TASK: The answer consists of the lines from the line holding "Lampa biurkowa emituje" through the last line of the entries, retyped exactly, and nothing else. No pictures belong in it.

[Collected data]
· · ·
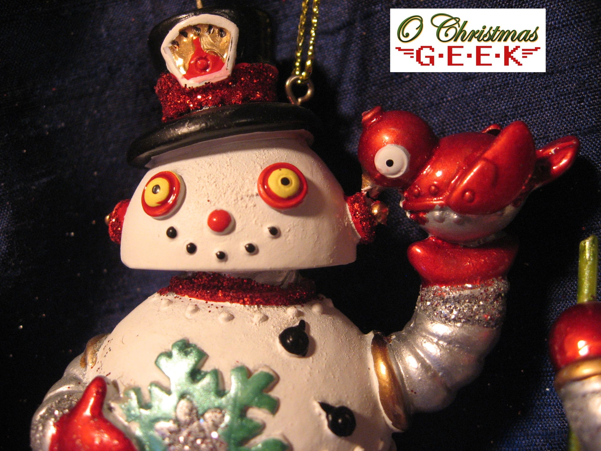 This husky and adorable Mid-Century Modern snowbot is perfect for the tree or stocking of your favorite mad inventor. 4" of handpainted resin with glitter accent.
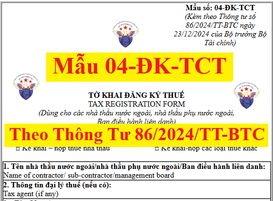 + Từ ngày 06/02/2025 trở đi, kể từ khi Thông tư số 86/2024/TT-BTC có hiệu lực thì Khi đăng ký thuế cho các nhà thầu nước ngoài, nhà thầu phụ nước ngoài, Ban điều hành liên danh sẽ sử dụng mẫu 04-ĐK-TCT ban hành kèm theo Thông tư số 86/2024/TT-BTC ngày 23/12/2024 của Bộ trưởng Bộ Tài chính
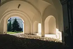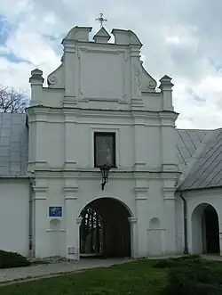 Brama łączy zabudowania gospodarcze będące dawniej częścią klasztoru Bazylianów (parterowe budynki pochodzące z XVII-XVIII wieku, pokryte blachą, skrzydło południowe zajmowała dawniej wozownia, w części wschodniej znajduje się od 1997 r. Dom Pielgrzyma - parterowy budynek pokryty czterospadowym blaszanym dachem).
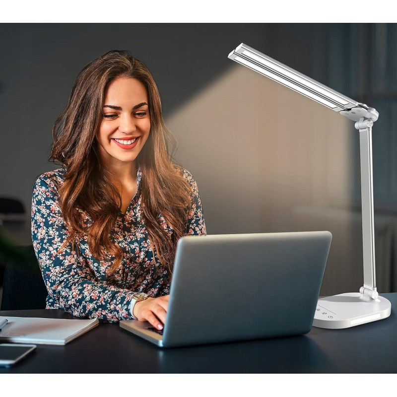 Lampa biurkowa emituje miękką, pozbawioną migotania poświatę, z regulowanymi ustawieniami światła, które pomagają tej lampie lepiej dopasować się do ostrości wzroku, idealnej do pracy, nauki, czytania lub relaksu.
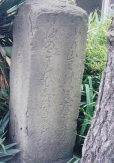 | D日枝神社 トンネル入口手前左手を廻るように登ると、トンネル入口の上に日枝神社がある。神社前の石垣の窪みに数体の石仏がある。 元禄6の青面金剛、宝永6年の片手サル庚申塔・・・など 国道一号に戻り、旧東海道を西に進む。車道より一段高い歩道には松並木があり、旧東海道の雰囲気が残っている。 すぐに一里塚旧跡▼がある。 |
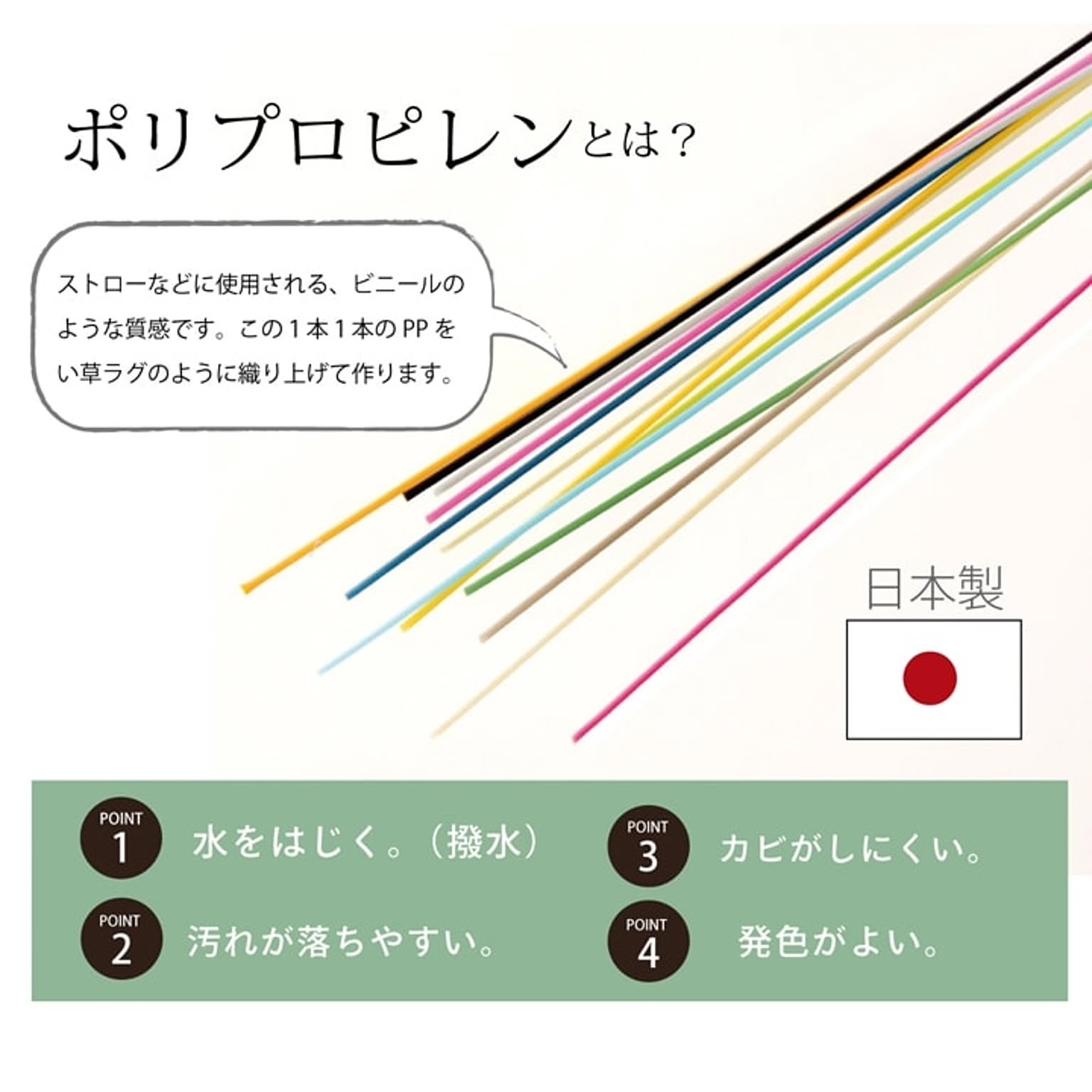 ポリプロピレン素材を細いパイプ状にして織り込んだ敷物です。強度が高くしっかりとしています。裏には国産のウレタンフォームを使用しクッション性と滑りにくくしました。お子様の部屋に、リビングに最適な万能カーペットです。
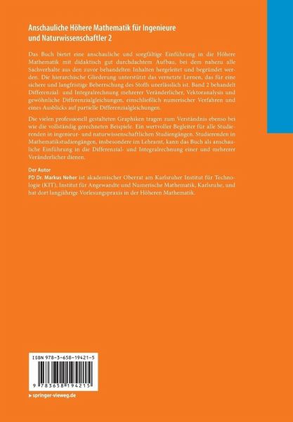 Die vielen professionell gestalteten Graphiken tragen zum Verständnis ebenso bei wie die vollständig gerechneten Beispiele. Ein wertvoller Begleiter für alle Studierenden in ingenieur- und naturwissenschaftlichen Studiengängen. Studierenden in Mathematikstudiengängen, insbesondere im Lehramt, kann das Buch als anschauliche Einführung in die Differenzial- und Integralrechnung einer und mehrerer Veränderlicher dienen.
· · ·
SOLUTION BELOW:
 Lampa biurkowa emituje miękką, pozbawioną migotania poświatę, z regulowanymi ustawieniami światła, które pomagają tej lampie lepiej dopasować się do ostrości wzroku, idealnej do pracy, nauki, czytania lub relaksu.
 | D日枝神社 トンネル入口手前左手を廻るように登ると、トンネル入口の上に日枝神社がある。神社前の石垣の窪みに数体の石仏がある。 元禄6の青面金剛、宝永6年の片手サル庚申塔・・・など 国道一号に戻り、旧東海道を西に進む。車道より一段高い歩道には松並木があり、旧東海道の雰囲気が残っている。 すぐに一里塚旧跡▼がある。 |
 ポリプロピレン素材を細いパイプ状にして織り込んだ敷物です。強度が高くしっかりとしています。裏には国産のウレタンフォームを使用しクッション性と滑りにくくしました。お子様の部屋に、リビングに最適な万能カーペットです。
 Die vielen professionell gestalteten Graphiken tragen zum Verständnis ebenso bei wie die vollständig gerechneten Beispiele. Ein wertvoller Begleiter für alle Studierenden in ingenieur- und naturwissenschaftlichen Studiengängen. Studierenden in Mathematikstudiengängen, insbesondere im Lehramt, kann das Buch als anschauliche Einführung in die Differenzial- und Integralrechnung einer und mehrerer Veränderlicher dienen.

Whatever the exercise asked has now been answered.